*** Opening of Data shown ***

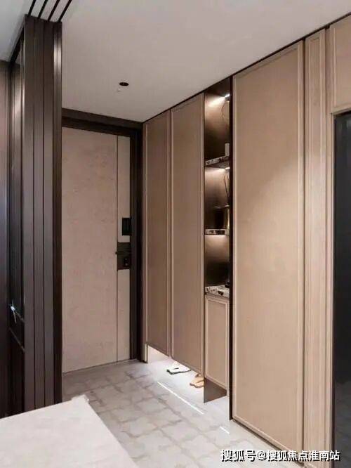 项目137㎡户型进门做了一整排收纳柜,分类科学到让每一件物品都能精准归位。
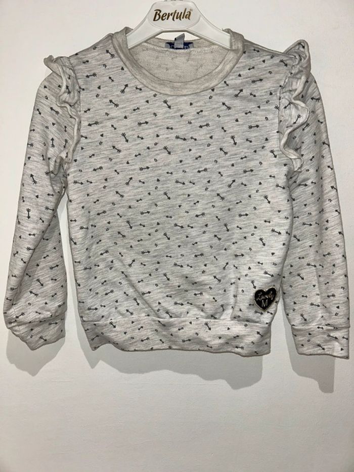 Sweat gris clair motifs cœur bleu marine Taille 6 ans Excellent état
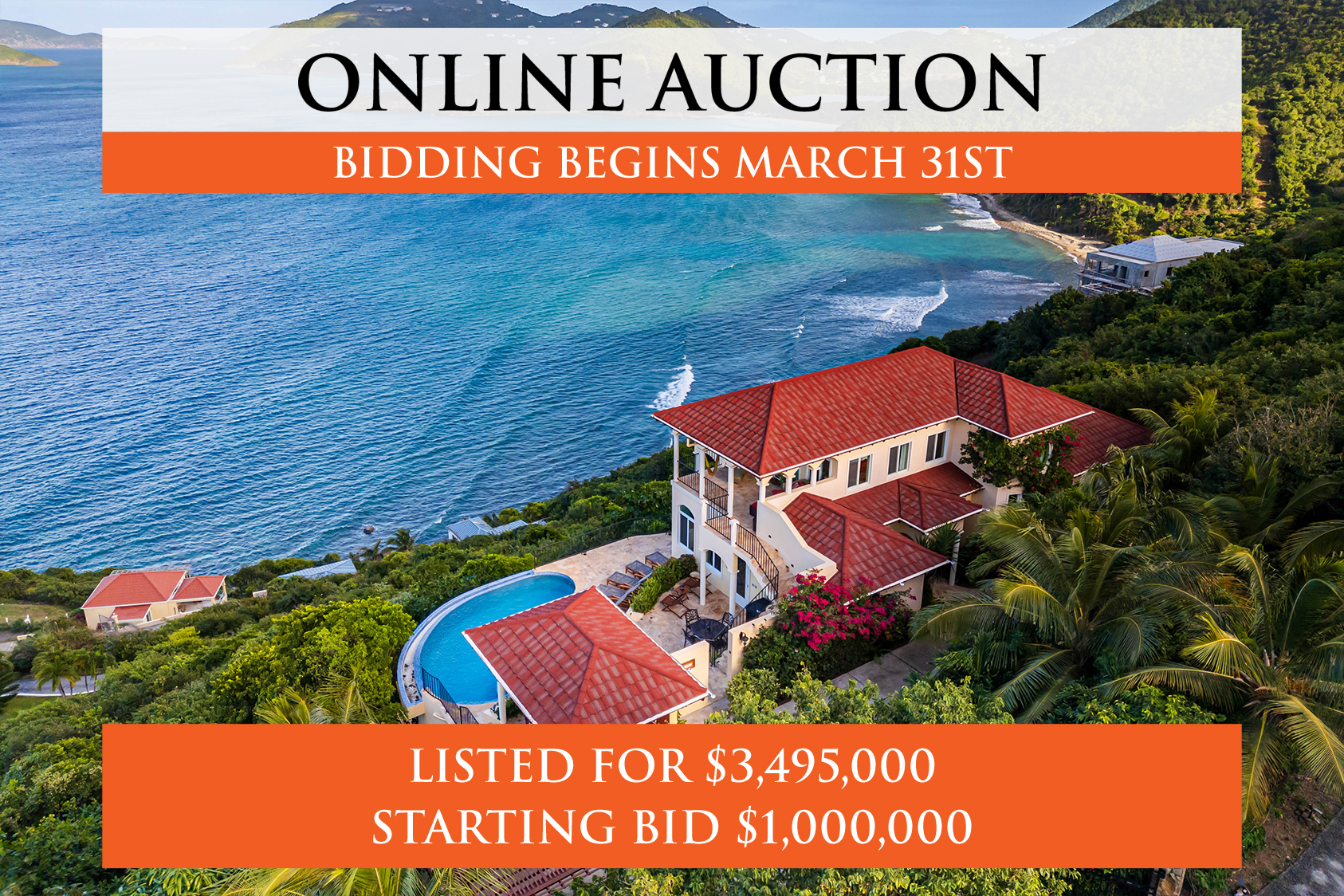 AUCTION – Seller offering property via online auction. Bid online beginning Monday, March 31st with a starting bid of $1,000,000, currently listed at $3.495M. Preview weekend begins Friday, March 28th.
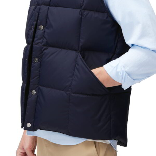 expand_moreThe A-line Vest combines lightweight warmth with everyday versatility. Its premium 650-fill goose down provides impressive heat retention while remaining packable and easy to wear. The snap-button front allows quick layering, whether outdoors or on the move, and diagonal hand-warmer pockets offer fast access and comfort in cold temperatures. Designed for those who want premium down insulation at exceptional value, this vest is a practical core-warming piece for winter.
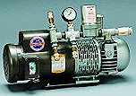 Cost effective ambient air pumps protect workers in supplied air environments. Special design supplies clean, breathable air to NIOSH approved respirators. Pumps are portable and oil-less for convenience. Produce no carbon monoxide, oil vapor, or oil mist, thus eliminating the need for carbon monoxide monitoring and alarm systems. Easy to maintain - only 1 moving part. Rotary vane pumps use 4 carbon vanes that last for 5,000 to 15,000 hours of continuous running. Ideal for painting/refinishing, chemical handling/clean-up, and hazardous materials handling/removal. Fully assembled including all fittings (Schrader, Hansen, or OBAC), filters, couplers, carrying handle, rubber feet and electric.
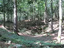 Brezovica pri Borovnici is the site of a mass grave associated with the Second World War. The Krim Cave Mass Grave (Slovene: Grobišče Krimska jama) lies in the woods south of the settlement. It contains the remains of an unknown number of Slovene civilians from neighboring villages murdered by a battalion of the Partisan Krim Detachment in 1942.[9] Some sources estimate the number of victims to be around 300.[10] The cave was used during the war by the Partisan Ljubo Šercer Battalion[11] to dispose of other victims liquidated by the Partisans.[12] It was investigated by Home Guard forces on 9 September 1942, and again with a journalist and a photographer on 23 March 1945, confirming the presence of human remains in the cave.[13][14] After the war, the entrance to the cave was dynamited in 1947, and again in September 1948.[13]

*** Close of Data shown ***

**Problem description**
Please transcribe exactly the part of the records that opens with the line containing "Sweat gris clair" and closes with the line containing "AUCTION – Seller", both ends included, and leave out the pictures.

**Output for this task**
 Sweat gris clair motifs cœur bleu marine Taille 6 ans Excellent état
 AUCTION – Seller offering property via online auction. Bid online beginning Monday, March 31st with a starting bid of $1,000,000, currently listed at $3.495M. Preview weekend begins Friday, March 28th.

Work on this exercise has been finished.